Hie, Thanks for opensourcing this amazing work. Is there any parameter to parallize the model to run on smaller gpus. I was not able to find one in config. As suggested in readme "we should turn on model parallel to train on smaller gpus". Is there any config parameter for it ? Not able to find one.

YuanGongND commented 10 months ago

hi there,

thanks for the question.

1/ what's your GPU setting? for model parallelization, you would need multiple GPUs in a single node.

2/ were you able to run inference? If so, does the result look good?
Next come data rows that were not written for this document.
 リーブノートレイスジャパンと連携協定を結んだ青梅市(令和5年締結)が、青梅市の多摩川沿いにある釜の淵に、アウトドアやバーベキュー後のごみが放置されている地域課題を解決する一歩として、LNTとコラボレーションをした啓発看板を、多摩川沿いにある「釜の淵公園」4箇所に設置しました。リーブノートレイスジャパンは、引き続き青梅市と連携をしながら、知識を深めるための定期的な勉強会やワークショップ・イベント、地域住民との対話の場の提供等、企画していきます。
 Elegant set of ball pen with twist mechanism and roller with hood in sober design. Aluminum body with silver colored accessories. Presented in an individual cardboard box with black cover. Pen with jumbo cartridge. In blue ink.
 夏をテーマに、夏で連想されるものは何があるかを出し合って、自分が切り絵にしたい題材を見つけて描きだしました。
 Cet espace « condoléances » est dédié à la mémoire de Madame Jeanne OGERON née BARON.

Inference requires less computational resources but basically already implemented model parallelism.

I will add the model parallel training script soon.

-Yuan

BhashaBluff commented 10 months ago

Hey, Thanks for the prompt response. 1.) I was finetuning the model on on V100 station with 4 GPU of 32 GB. I was trying to finetune with device map = "auto" on line 126 of finetune.py in ltu_as. Although it gave a "NotImplementedError: Cannot copy out of meta tensor; no data!"I commented on the device_map line. I started fine-tuning, but it was giving an OOM error.
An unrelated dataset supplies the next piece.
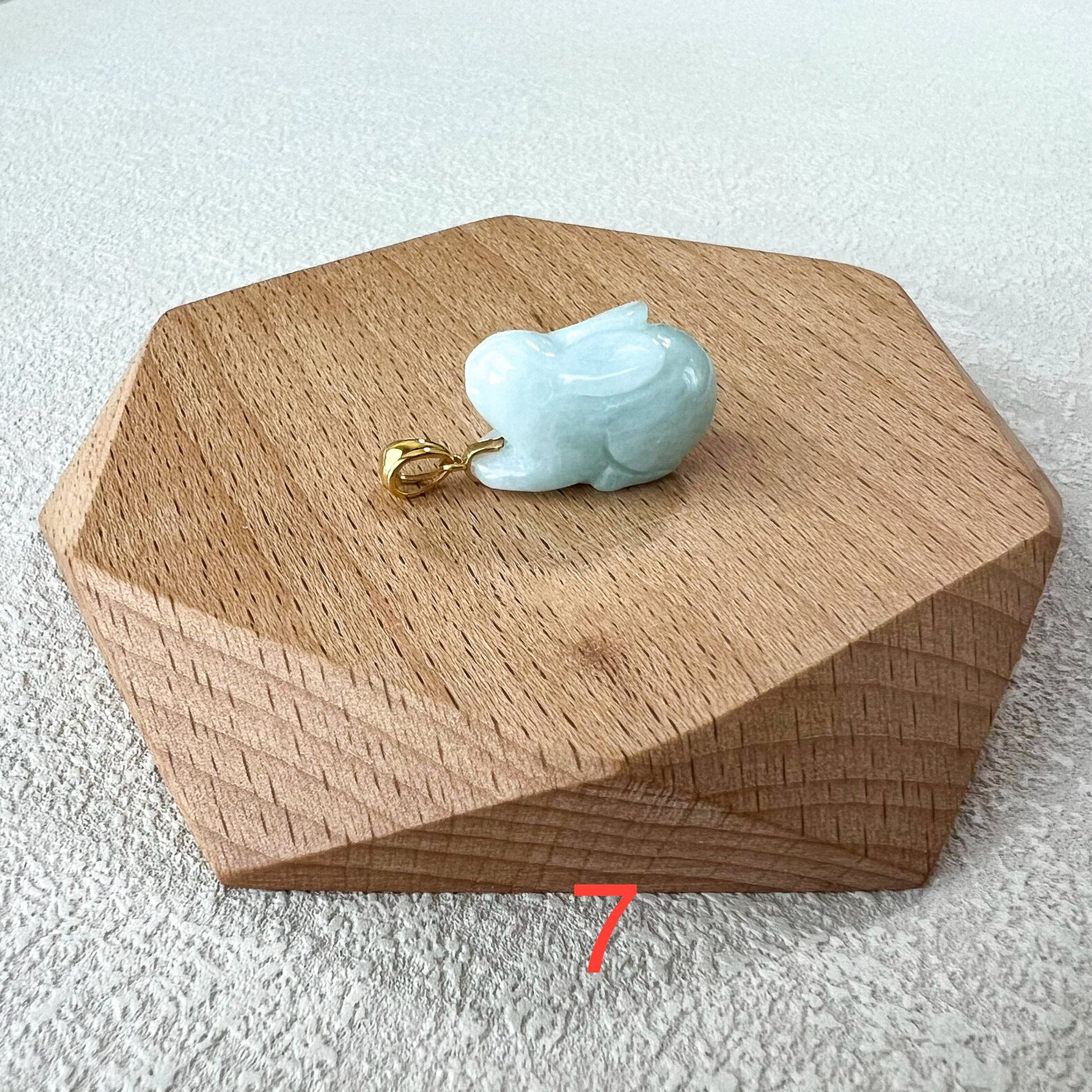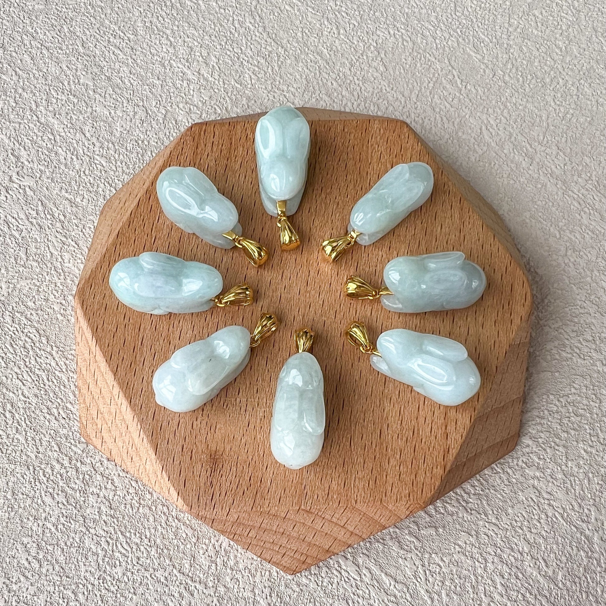 PENDANT: This rabbit pendant is made with natural jadeite jade and 18K solid yellow gold for the bail. The pendant is a charming and delightful piece of jewelry that captures the grace and beauty of these beloved creatures. Crafted with meticulous attention to detail, the pendant showcases the adorable features of a rabbit, making it a whimsical and enchanting accessory.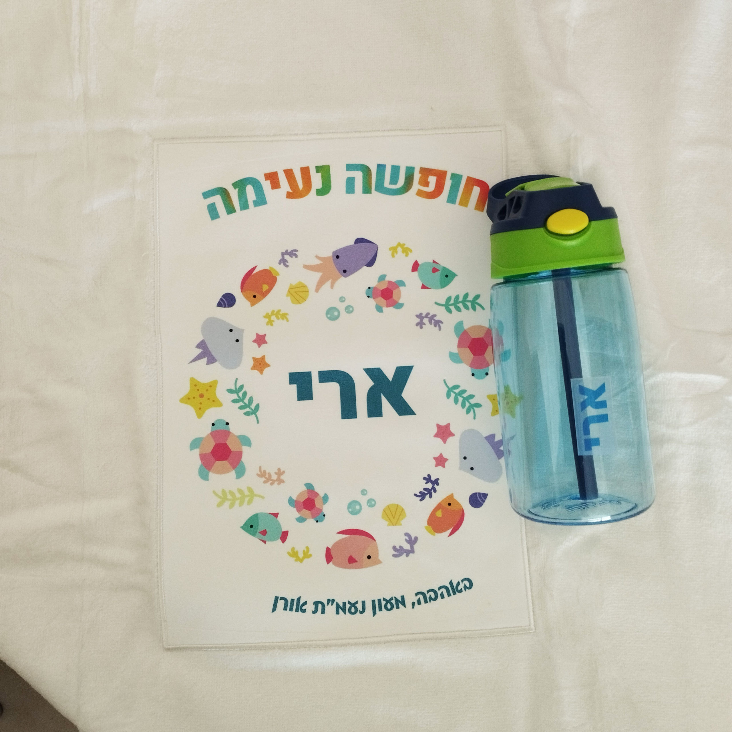 גודל המגבת 120X60סמ+ קפוצ'ון. הבקבוק עם שם הילד במדבקה שקופה עמידה בנוזלים

  1. I am able to make inferences with 2 32GB V100 gpus. The results are not very accurate. However, it is working. wanted to fine-tune the model on the given toy dataset.
YuanGongND commented 10 months ago

Done, please see LTU and LTU-AS. Your resources should be enough to train the model, remember to tune the micro_batch_size to the max number that your GPUs can run.
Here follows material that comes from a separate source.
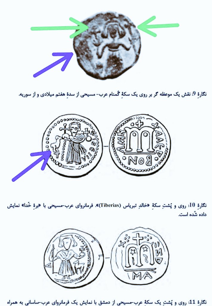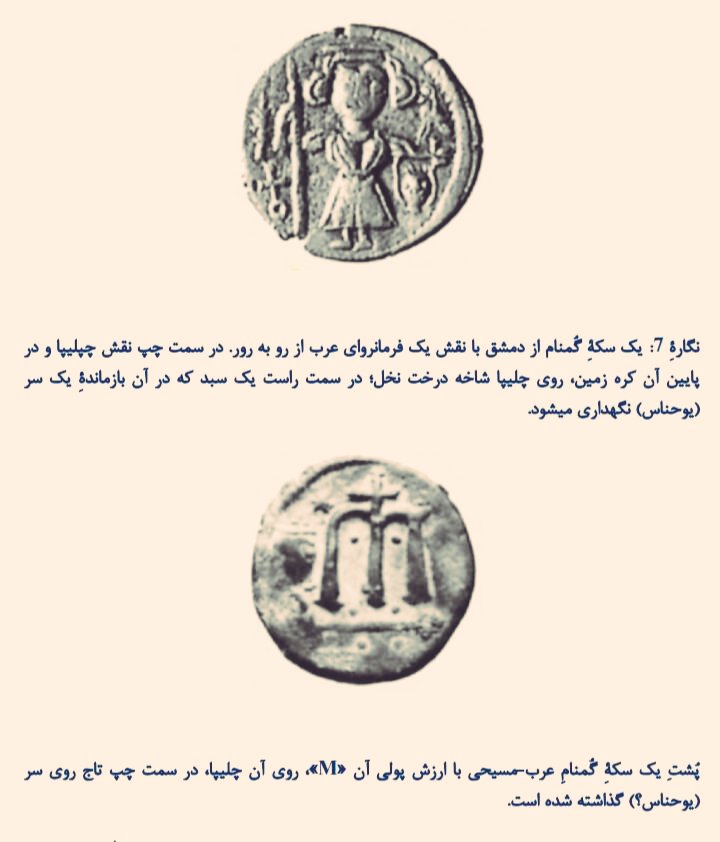 معاویه کتیبه شهر قدره را بجای انکه با نام خدا یا عبارتی دینی اغاز کند، با صلیب اغاز میکند. او در سکه های بخش غربی نیز نمادها و اِلمان های مسیحیت را میگنجاند. چنانچه گفتیم معاویه خود را مشغول به حفظ و نگهداری زیارتگاهی مقدس کرده بود که سر #یحیی_تعمیددهنده در ان نگهداری میشد، 👇

Regarding the performance, if LTU, it should be exactly same with what we described in the paper, if LTU-AS, it might be a mismatch between training and inference GPUs. Also the model only takes input with 16kHz sampling rate and 10-second audio. You can check if your local inference result is similar to our online demo.

-Yuan

rishabh004-ai commented 10 months ago

Hie, Thanks a lot.

YuanGongND commented 10 months ago

You are welcome, please let me know if there's any issue. Remember to set micro_batch_size larger, it can be something 16/32 or even larger.